The system processes input texts, extracts a variety of linguistic and stylistic features, and applies pre-trained models to infer authorship changes. It supports different difficulty levels (easy, medium, hard) with tailored models and configurations for each.
- src/: Contains the core source code for the project.
- preprocessing.py: Handles text preprocessing tasks such as tokenization, lemmatization, and stopword removal.
- features.py: Extracts various features from text, including lexical, syntactic, and semantic features.
- pipeline_pan25.py: Defines the main pipeline for processing texts and extracting features for the PAN 2025 task.
- inference.py: Runs inference using pre-trained models to predict authorship changes.
- test.py: Manages the testing process across different problem types.
- models/: Stores pre-trained machine learning models and scalers for different difficulty levels.

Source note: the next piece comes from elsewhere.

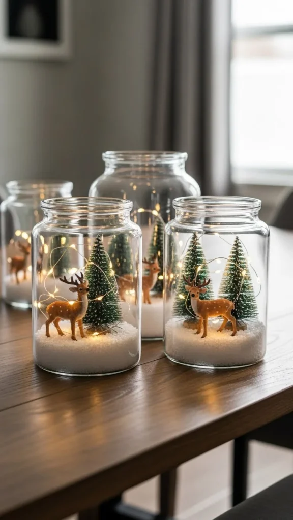 Save empty jars from sauces or candles. Fill them with faux snow, salt, or sugar. Add small trees, pine sprigs, or simple ornaments. Drop in battery fairy lights for glow.
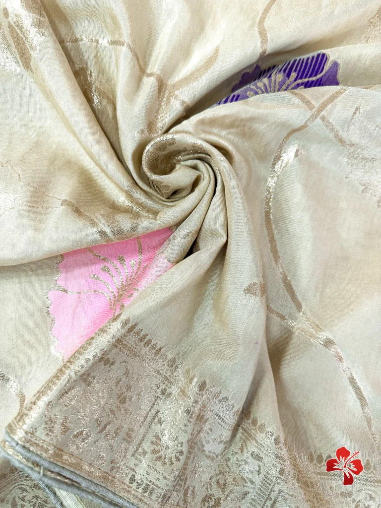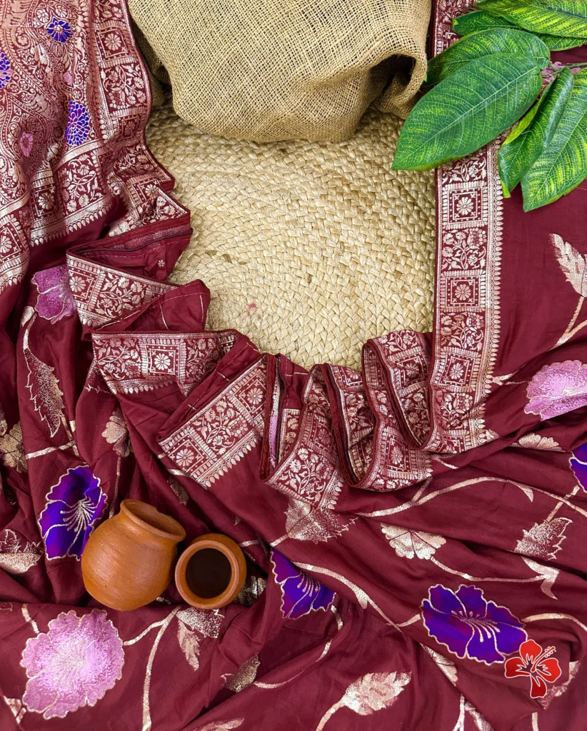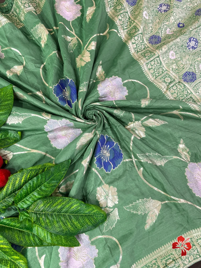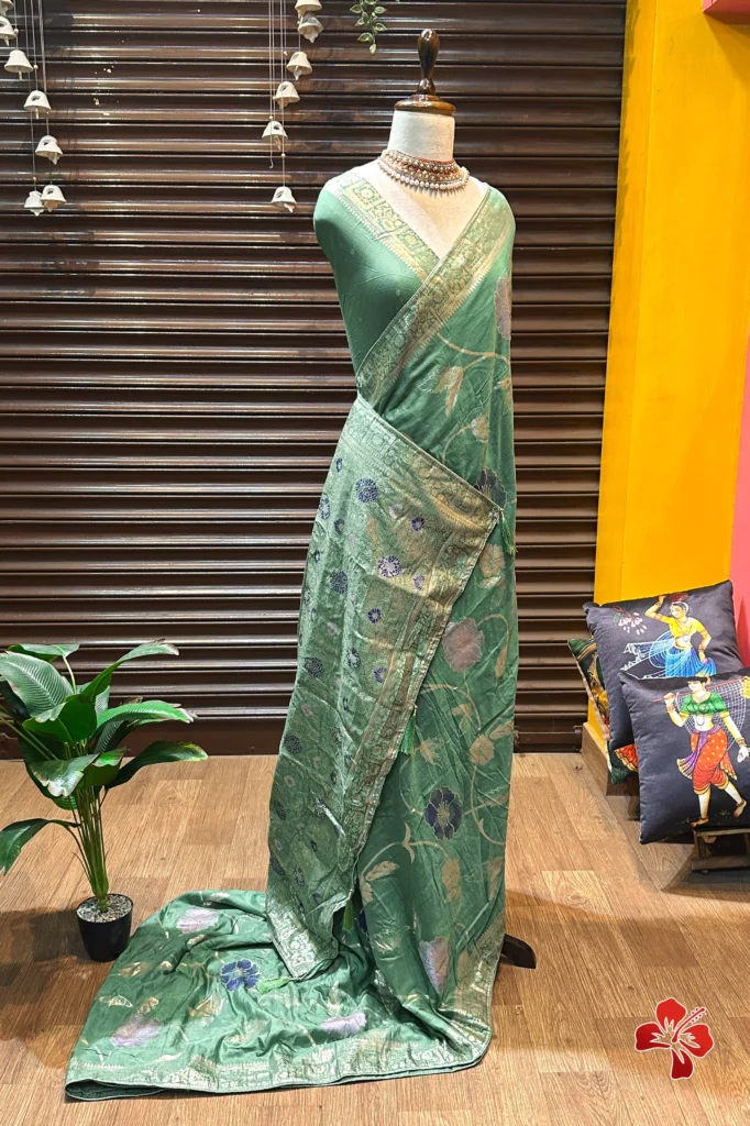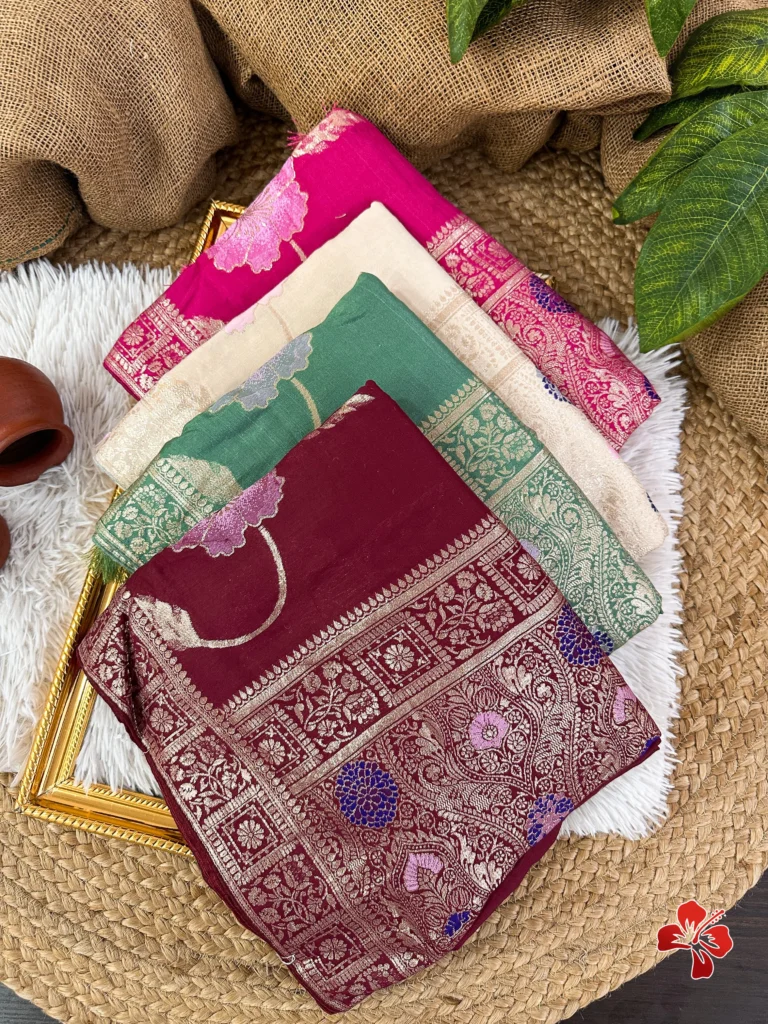 Here is  a rich and Premium Moonga Soft Silk saree with all over Resham weaving in the body  Border with piping lace and woven pallu with tassels

- main.py: Entry point for running the analysis on input data.
- requirements.txt: Lists the dependencies required for the project.
- Dockerfile: Configuration for containerizing the application.
- Makefile: Contains build and run commands for the project.
- eval.sh and run_test.sh: Scripts for evaluation and testing.
- Text Preprocessing: Customizable preprocessing with options for handling punctuation, stopwords, lemmatization, and POS tagging.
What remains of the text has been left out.